Earlier this month, staff attorneys at the National Right to Work Legal Defense Foundation filed a petition for writ of certiorari at the U.S. Supreme Court for two individuals who work at Connecticut Department of Energy and Environmental Protection. In their class action lawsuit, the workers demanded that Connecticut State Employees Association (CSEA SEIU Local 2001) union bosses refund dues money taken from them and their fellow employees due to this action violating their First Amendment rights.
The employees in question, Kiernan Wholean and James Grillo, made the case that CSEA union bosses and State of Connecticut officials infringed on the First Amendment rights that were upheld in the landmark Foundation-won Janus v. AFSCME Supreme Court decision. In the Janus decision of June 2018, the Court ruled that public sector employees cannot be required to pay dues as a condition of employment. In addition, the Court ruled that dues deductions from any public sector worker’s paycheck can only be carried out with the employee’s affirmative consent and knowing waiver of their right to refuse payment.
Wholean and Grillo are not members of CSEA and they filed their case in 2018 in the U.S. District Court for the District of Connecticut not long before the Supreme Court made its decision on Janus. The State stopped seizing dues from their paychecks at CSEA’s behest after a National Right to Work Foundation attorney sent a letter to the State Comptroller threatening to take legal action against dues seizures from non-members that remained in place after the Janus decision. However, CSEA union bosses still refuse to refund dues that they seized from Wholean, Grillo, and other nonmembers. These dues deductions were in clear violation of the Janus First Amendment standard before the decision was made, even though they were well aware that the employees never consented to pay.
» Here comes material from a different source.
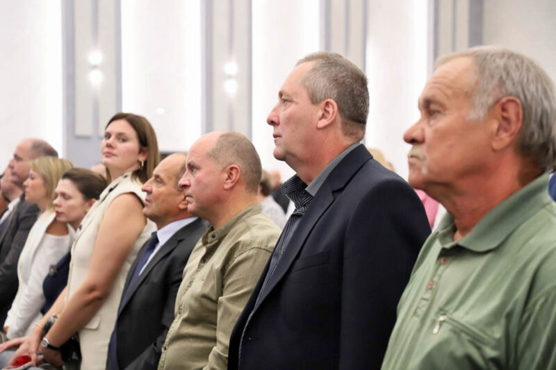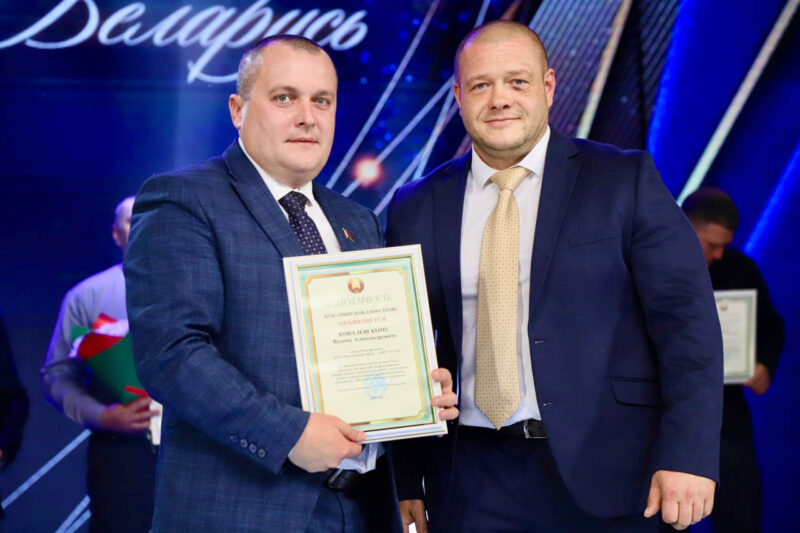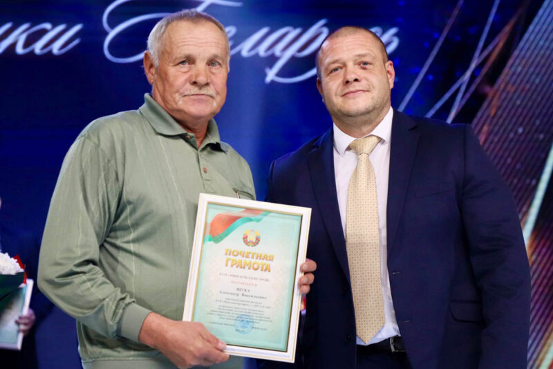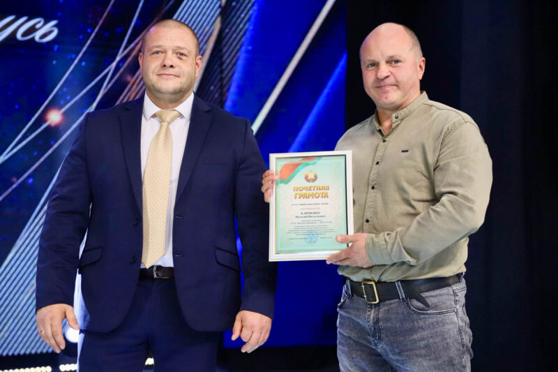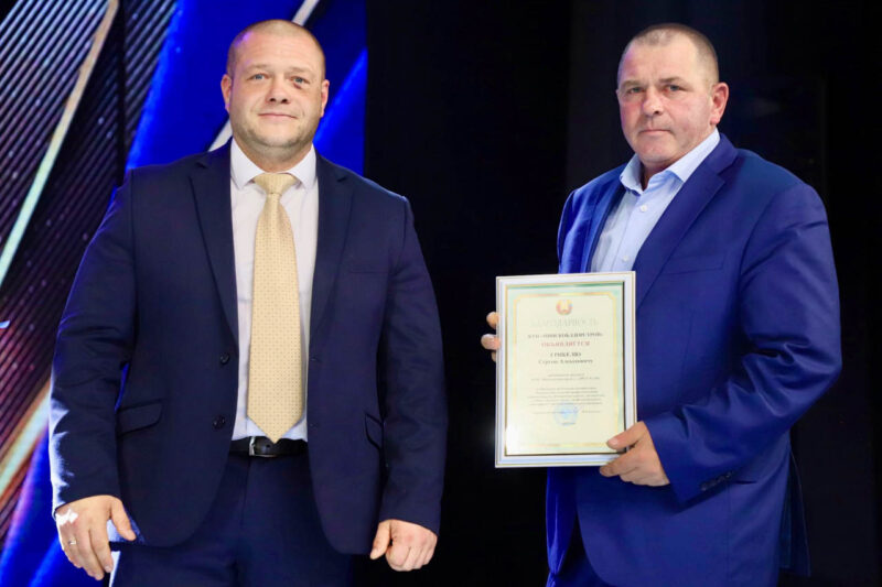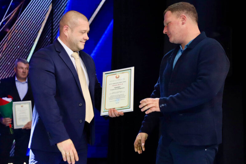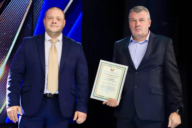 Генеральный директор КУП «Минскоблдорстрой» Максим Колесеня, заместитель председателя Минского облисполкома Виктор Рагусский поздравили коллег с наступающим праздником и вручили заслуженные награды.

Both the District Court and the Second Circuit Court of Appeals agreed with CSEA lawyers’ so-called “good faith” argument for allowing union bosses to keep the collecting dues in violation of the nonmembers’ constitutional liberties. Wholean and Grillo’s Foundation staff attorneys made the case in their petition to the Supreme Court that such a defense has never existed under Section 1983 of the Civil Rights Act of 1871, the statute which the lawsuit in question invoked. Under section 1983, liability is imposed on individuals who violate the constitutional rights of other individuals while acting “under color of” the current law.
The Supreme Court has never determined if there exists a “good faith” defense under Section 1983. In a similar case the Foundation was involved in, two federal judges at the Third Circuit issued opinions that such a defense does not exist, expressing their disagreements with the other Circuit Court’s decisions. Wholean and Grillo’s petition alludes to this confusion as the principal reason for why the Supreme Court should take up their case. If successful, their lawsuit could result in CSEA refunding potentially millions in forced union dues seized from June 13, 2015, until Connecticut stopped seizing union dues, as stipulated by Connecticut’s statute of limitations.
Wholean and Grillo’s petition is the sixth kind of petition that the Supreme Court is considering in which public employees are looking to obtain refunds for dues seized in violation of the First Amendment prior to the Janus ruling. Foundation staff attorneys have filed four petitions of this sort.
“The lower courts have allowed CSEA union bosses to profit from their past unconstitutional deductions, trampling the Janus rights of Mr. Wholean, Mr. Grillo and their coworkers,” declaredNational Right to Work Foundation President Mark Mix. “With six petitions on this issue now pending with the High Court and more to be filed soon, it is time the Supreme Court hears this issue and ends the denial of justice for tens of thousands of nonmember government employees whose First Amendment rights were violated.”
“Section 1983 of the Civil Rights Act, the federal statute under which all these cases were filed, was specifically intended to allow individuals to remedy the deprivation of their rights when it occurs under color of law,” continued Mix. “Given Section 1983’s intent, it is outrageous that union bosses have thus far been allowed to keep money seized in violation of the First Amendment because it was authorized by then-existing but unconstitutional law. That result is especially specious because, as the Supreme Court recognized in Janus, union bosses have been ‘on notice’ from the Court since 2012 that forcing government employees to pay union fees was likely unconstitutional.”